TomB · September 23, 2019, 11:02am

I had a bit of a look at the Mish performance:

No gains but some analysis. I tried the PyTorch JIT compiler stuff but it didn’t improve performance. They’re still working on this I think with some things like CUDA kernel fusing still being developed, so it may improve in future version. It does let you see the graph of forward and, more interestingly, backward passes which is nice.

From the profiling a big issue is the increased number of kernel launches (mul/tanh/softplus vs. a single kernel for relu). Though rather surprisingly the slowest kernel by quite a bit is the multiplication. It goes from 3ms of CUDA time with Relu to nearly 7s in Mish (including forward and backward), more than tan and softplus combined. Not sure what’s going on there. Best guess is either it’s hiding some operations, being the first operation in the backward pass, or it might be poorly optimised. I’ve seen things noting some of those very basic ops haven’t been updated since Caffe which PyTorch is(/increasingly was) built on. I’ll try addcmul in case that’s better optimised.

I also played a bit with some of the autograd stuff, as it looks like using that would let you inplace operations (by making a torch.autograd.Function) but means you have to do the backward yourself. Anything inplace causes an error in a nn.Module.

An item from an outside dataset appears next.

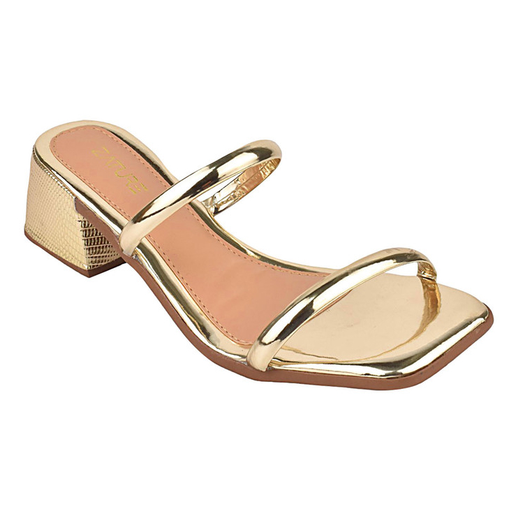Sandália Feminina Salto Bloco Tamanco Feminino Calce Fácil Macio Leve Tira Metalizado Brilho Festa

My calculus is very limited so not sure I’ll make much progress there, but others with better maths might. Not very well documented but I’ve put in some of the stuff I found.
Implementing a custom backward would also be needed if you wanted to implement a CUDA version as you can’t really re-use the tanh/softplus there (that would require a separate kernel launch which gets you back to the straight PyTorch case). I’ve played around with CUDA stuff a bit so could help with that if others with better calculus want to try.